● WHAT TO WORK ON
Without changing a word, repeat the data, and include no pictures.

● RAW DATA
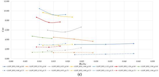 EFD and CFD Results for: (a) 0.131; (b) 0.174; (c) 0.218.
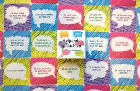 Met welke helpende gedachte kun jij je prettiger voelen, of een beter resultaat halen? Kies één of meer kaartjes uit een van de categorieën of trek er een aantal zonder te kijken. Wat is de beste? Probeer die gedachte de komende week uit.
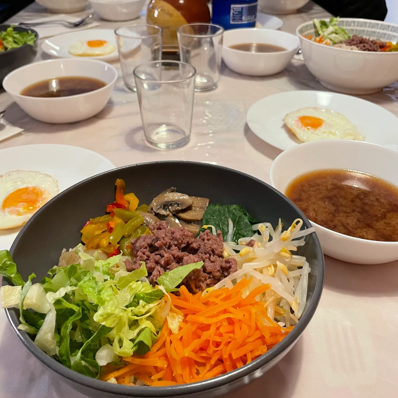각종 야채에 따듯한 흰쌀밥, 고추장과 참기름을 넣고 쓱쓱 비벼 먹으니 한 그릇이 금방 비워졌다. 이 매운맛 정말 오랜만이네! 생각보다 와인과도 마리아주가 좋았다. 여기 있는 모두가 이렇게 만족할 만한 음식이라니. 흐뭇했다.

● OUTPUT OF THE EXERCISE
 EFD and CFD Results for: (a) 0.131; (b) 0.174; (c) 0.218.
 Met welke helpende gedachte kun jij je prettiger voelen, of een beter resultaat halen? Kies één of meer kaartjes uit een van de categorieën of trek er een aantal zonder te kijken. Wat is de beste? Probeer die gedachte de komende week uit.
각종 야채에 따듯한 흰쌀밥, 고추장과 참기름을 넣고 쓱쓱 비벼 먹으니 한 그릇이 금방 비워졌다. 이 매운맛 정말 오랜만이네! 생각보다 와인과도 마리아주가 좋았다. 여기 있는 모두가 이렇게 만족할 만한 음식이라니. 흐뭇했다.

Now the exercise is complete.